Therefore, each pre-training model added with noise disturbance is combined to generate similar positive sample corpora based on each fusion result in one first seed statement, and the same pre-training model is combined to generate similar negative sample corpora based on the fusion results generated by the seed statements in different fields, so that the similar negative sample corpora in the generated similar negative sample corpora group have obvious semantic difference, the generation process of the similar sample corpora is simplified, the generation efficiency of the similar sample corpora is improved, and effective similar sample corpora can be generated.

In summary, in the case that the pre-training model is a BERT model, according to the technical scheme of the present application, after building each BERT model with a different structure, in each perturbed BERT model, in an unsupervised pre-training process based on a first seed statement, a first fusion result is generated by weighting according to an output vector of each designated level, and each first fusion result can generate each group of similar positive sample corpora.

Based on the same inventive concept, referring to fig. 2, which is a schematic diagram of a logic structure of a similar sample corpus generating device in the embodiment of the present application, the similar sample corpus generating device 200 includes an obtaining unit 201, a constructing unit 202, a determining unit 203, and a generating unit 204, wherein,

an obtaining unit 201, configured to obtain a first seed sentence in a target field, and obtain second seed sentences in other fields except the target field, where the seed sentences include entity nouns in the field to which the seed sentences belong;

a constructing unit 202, configured to construct pre-training models each including multiple layers of coding networks, and input the first seed statement into each pre-training model to which noise disturbance is added, to obtain each first fusion result determined according to an output vector belonging to a coding network of a preset first class level in each pre-training model to which noise disturbance is added;

the determining unit 203 is configured to determine a target pre-training model in each pre-training model, and input each second seed statement into the target pre-training model respectively to obtain a second fusion result determined according to an output vector of a coding network belonging to a preset second class level in the target pre-training model;

the generating unit 204 is configured to generate each group of similar positive sample corpora according to each first fusion result, and generate each group of similar negative sample corpora according to each first fusion result and each second fusion result.
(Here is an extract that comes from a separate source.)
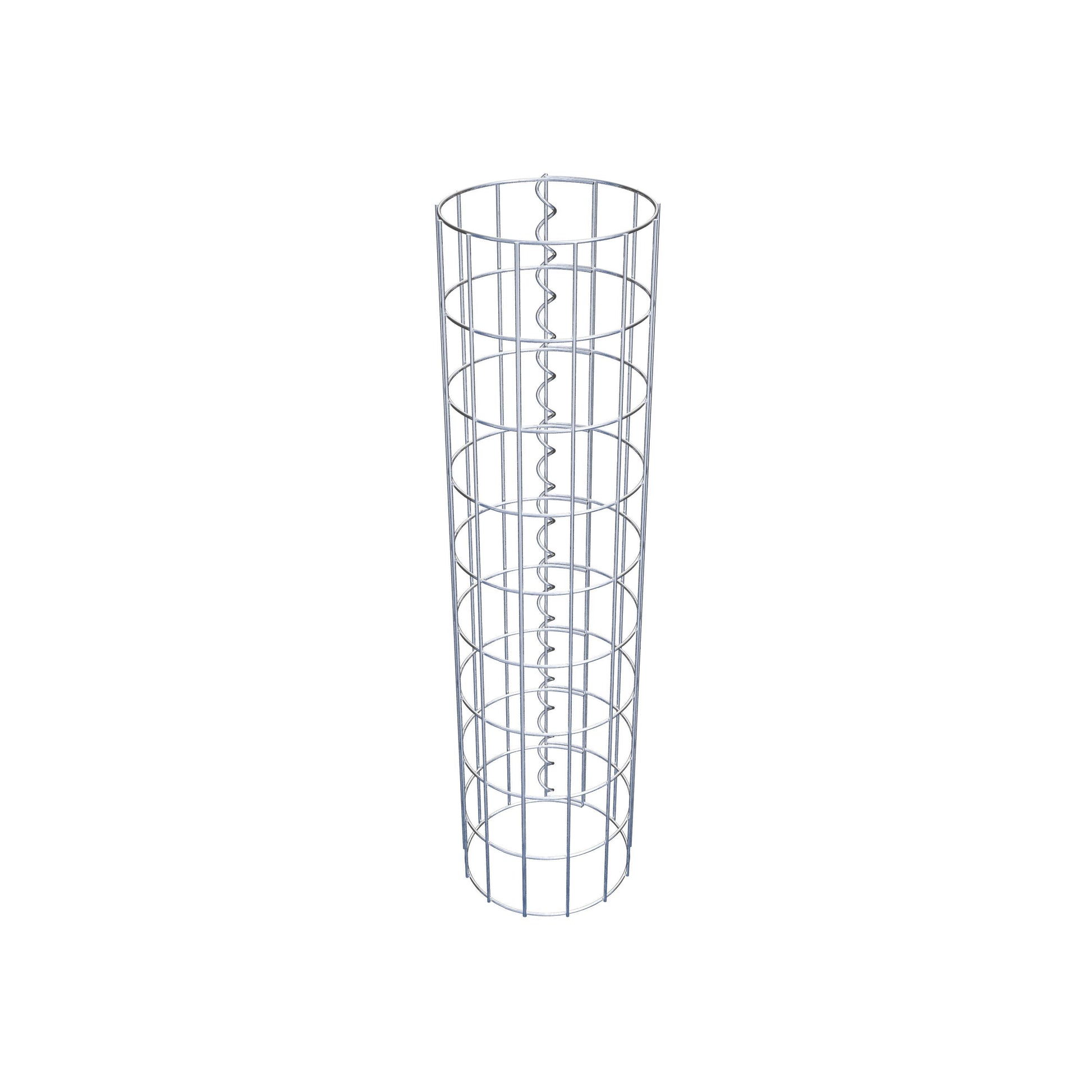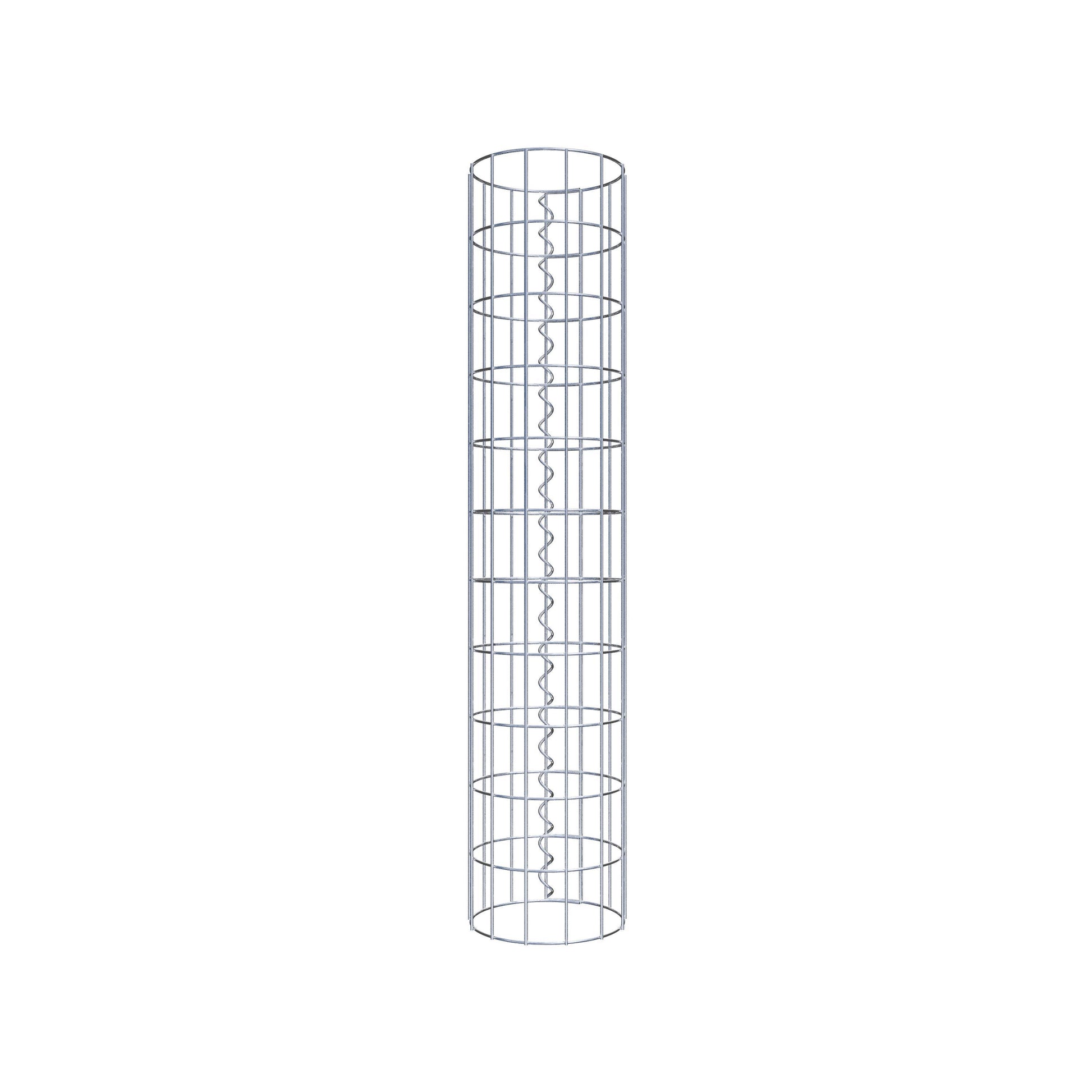 Der seitliche Verschluss erfolgt an der einzigen Überlappungsstelle des Gitters mit einer Spirale, die einfach eingedreht und zusammengedrückt wird. So entsteht eine saubere, sichere und dauerhafte Verbindung. Alternativ kann die Gabionensäule auch mit Klammern verschlossen werden, die separat erhältlich sind. Die Säulen sind nach oben und unten offen – ein Bodengitter oder Deckel ist nicht erforderlich und daher nicht im Lieferumfang enthalten.

Optionally, when the first seed sentence in the target field is obtained, and each second seed sentence in other fields except the target field is obtained, the obtaining unit 201 is configured to:

Optionally, when the first candidate text in the target field is obtained and the second candidate texts in other fields except the target field are obtained, the obtaining unit 201 is configured to:

Optionally, when constructing each pre-training model including a multi-layer coding network, the constructing unit 202 is configured to:

Optionally, when noise disturbance is added to each pre-training model, the constructing unit 202 performs any one or a combination of the following operations for each pre-training model:

respectively processing input data of each layer of coding network by adopting each preset first noise function;

Optionally, when obtaining each first fusion result determined according to the output vector of the coding network belonging to the preset first class hierarchy in each pre-training model added with noise disturbance, the constructing unit 202 is configured to:

Optionally, when generating each group of similar positive sample corpora according to each first fusion result, and generating each group of similar negative sample corpora according to each first fusion result and each second fusion result, the generating unit 204 is configured to:

Based on the same inventive concept as the above method embodiment, an electronic device is further provided in the embodiment of the present application, referring to fig. 3, which is a schematic diagram of a hardware component structure of an electronic device to which the embodiment of the present application is applied, and the electronic device 300 may at least include a processor 301 and a memory 302. The memory 302 stores program codes, and when the program codes are executed by the processor 301, the processor 301 executes any one of the steps of generating the similar sample corpus.

In some possible implementations, a computing device according to the present application may include at least one processor, and at least one memory. Wherein the memory stores program code which, when executed by the processor, causes the processor to perform the steps of generating similar sample corpora according to various exemplary embodiments of the present application described above in the present specification. For example, a processor may perform the steps as shown in fig. 1.

Based on the same inventive concept, in the embodiment based on the generation of the similar sample corpus, a computer-readable storage medium is provided, and when an instruction in the storage medium is executed by an electronic device, the electronic device is enabled to execute the method for generating the similar sample corpus.

In summary, the present application provides a method, an apparatus, an electronic device, and a storage medium for generating similar sample corpora, in which in a technical solution provided by the present application, a first seed sentence in a target field is obtained, second seed sentences in other fields except the target field are obtained, the seed sentences include nouns in the field to which the seed sentences belong, pre-training models each including a multi-layer coding network are then constructed, the first seed sentence is input into each pre-training model to which noise disturbance is added, output vectors belonging to a coding network of a preset first class level in each pre-training model to which noise disturbance is added are obtained, first fusion results are determined, then a target pre-training model is determined in each pre-training model, and each second seed sentence is input into the target pre-training model, and respectively obtaining second fusion results determined according to output vectors of the coding networks belonging to a preset second class hierarchy in the target pre-training model, generating each group of similar positive sample corpora according to each first fusion result, and generating each group of similar negative sample corpora according to each first fusion result and each second fusion result.

Thus, when generating the similar sample corpus of the target field, the first seed sentence of the target field is respectively input into each pre-training model added with noise disturbance, so that various noises are fused in each first fusion result generated corresponding to the first seed sentence to different degrees, and the similarity among the similar sample corpuses is ensured, and simultaneously, when generating the similar negative sample corpus, at least one target pre-training model determined from each pre-training model is adopted to generate the corresponding similar negative sample corpus based on each second seed sentence of different fields, so that the similar negative sample corpus in the generated similar negative sample corpus has obvious semantic difference, thereby simplifying the generation process of the similar sample corpus, the generation efficiency of similar sample corpora is improved, and effective similar sample corpora can be generated.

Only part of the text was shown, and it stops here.